▸ **Exercise details**:
Copy only what lies from the line containing "These new Folklore" through the line containing "Antwerpenlaan 108 is" in the entries below, keeping both end lines exact and dropping every picture.

▸ **Exercise data**:

━━━━━━━━━━━━━━━━━━━━━━━━━━━━━━

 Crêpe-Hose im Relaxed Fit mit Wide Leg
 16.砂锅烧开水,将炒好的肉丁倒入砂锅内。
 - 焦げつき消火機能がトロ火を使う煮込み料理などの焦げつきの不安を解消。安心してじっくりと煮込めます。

━━━━━━━━━━━━━━━━━━━━━━━━━━━━━━

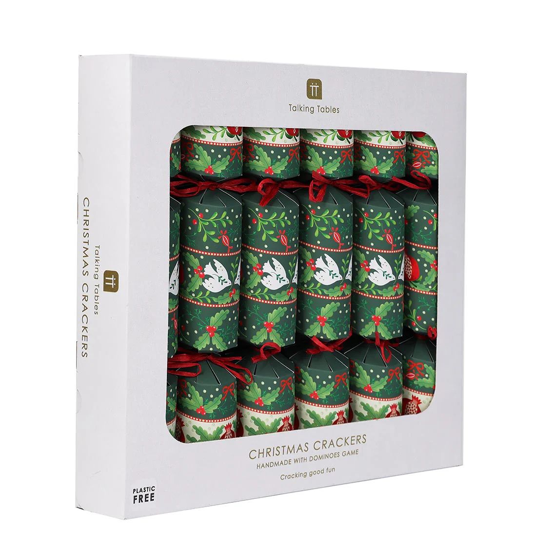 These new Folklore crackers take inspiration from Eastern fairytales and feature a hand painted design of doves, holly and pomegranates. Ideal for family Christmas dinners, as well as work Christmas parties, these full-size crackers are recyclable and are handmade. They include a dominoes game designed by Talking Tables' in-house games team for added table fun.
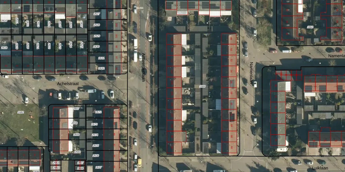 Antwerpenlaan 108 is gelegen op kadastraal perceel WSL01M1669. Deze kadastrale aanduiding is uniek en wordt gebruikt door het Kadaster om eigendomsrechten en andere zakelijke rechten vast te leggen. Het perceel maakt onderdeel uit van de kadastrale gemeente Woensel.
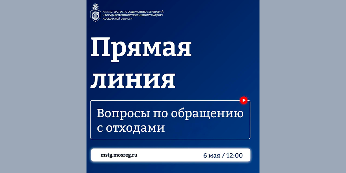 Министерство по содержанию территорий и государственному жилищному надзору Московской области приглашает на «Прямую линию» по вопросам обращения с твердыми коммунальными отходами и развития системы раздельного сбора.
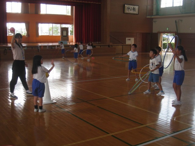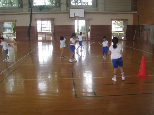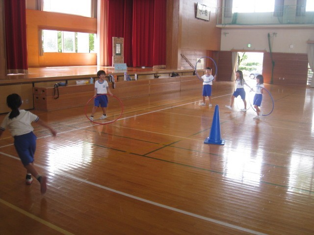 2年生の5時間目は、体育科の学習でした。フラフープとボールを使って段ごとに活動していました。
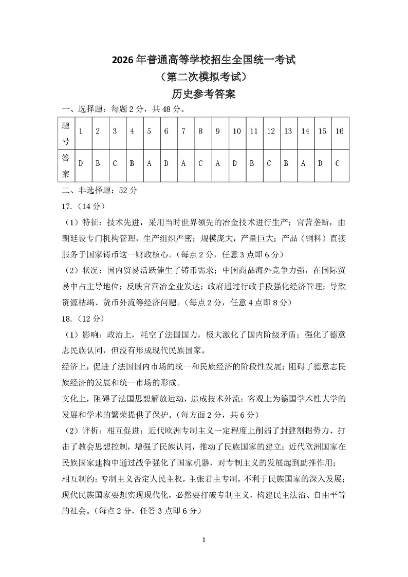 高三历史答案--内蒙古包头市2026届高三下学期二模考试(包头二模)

━━━━━━━━━━━━━━━━━━━━━━━━━━━━━━

▸ **Written response**:
 These new Folklore crackers take inspiration from Eastern fairytales and feature a hand painted design of doves, holly and pomegranates. Ideal for family Christmas dinners, as well as work Christmas parties, these full-size crackers are recyclable and are handmade. They include a dominoes game designed by Talking Tables' in-house games team for added table fun.
 Antwerpenlaan 108 is gelegen op kadastraal perceel WSL01M1669. Deze kadastrale aanduiding is uniek en wordt gebruikt door het Kadaster om eigendomsrechten en andere zakelijke rechten vast te leggen. Het perceel maakt onderdeel uit van de kadastrale gemeente Woensel.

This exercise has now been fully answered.